Dysmenorrhea is believed to be driven in part by excessive uterine contractility. Sildenafil, a phosphodiesterase-5 inhibitor, may reduce myometrial hypercontractility through enhanced nitric oxide-cGMP signaling. Prior vaginal sildenafil data suggested acute pain relief, but mechanism and systemic exposure were not well characterized.
This mechanistic target-engagement study uses a randomized, double-blind, placebo-controlled, two-period crossover design. Participants will complete a screening visit and two menstrual treatment visits during separate cycles. At each treatment visit, participants with active menstrual pain will undergo baseline MRI, self-administer either vaginal sildenafil citrate 100 mg or matching placebo, and then complete repeat MRI assessments approximately 2 and 4 hours after dosing. Pain ratings, vital signs, adverse event assessments, pregnancy testing, and a single 4-hour blood draw for plasma sildenafil concentration will be obtained.

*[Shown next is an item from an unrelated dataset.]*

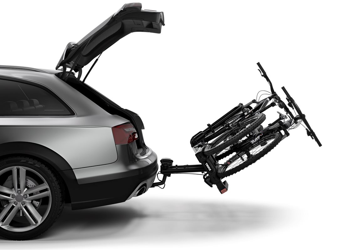 Den helt hopvikbara, kompakta och lättanvända cykelhållaren för dragkroksmontering, som passar alla typer av cyklar.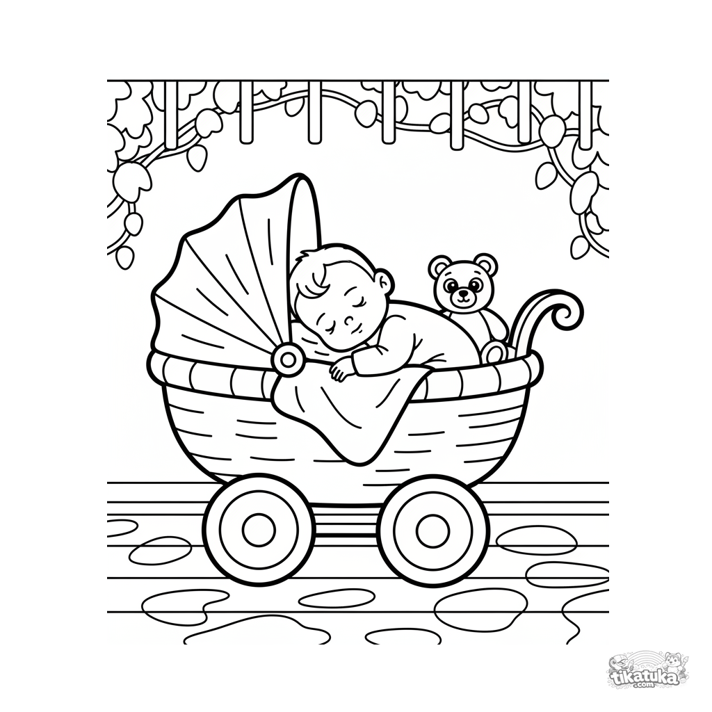 Página para colorear muy simple para niños pequeños: un bebé durmiendo en un cochecito a la sombra. Formas grandes cerradas, casi sin fondo, márgenes amplios.

Menstrual effluent samples will also be collected.
The primary objective is to determine whether vaginal sildenafil produces measurable reductions in uterine hypercontractility during menstruation. Secondary objectives are to evaluate the effect of treatment on menstrual pain intensity over the 4-hour observation window, assess systemic exposure after vaginal administration, and characterize short-term hemodynamic and clinical tolerability.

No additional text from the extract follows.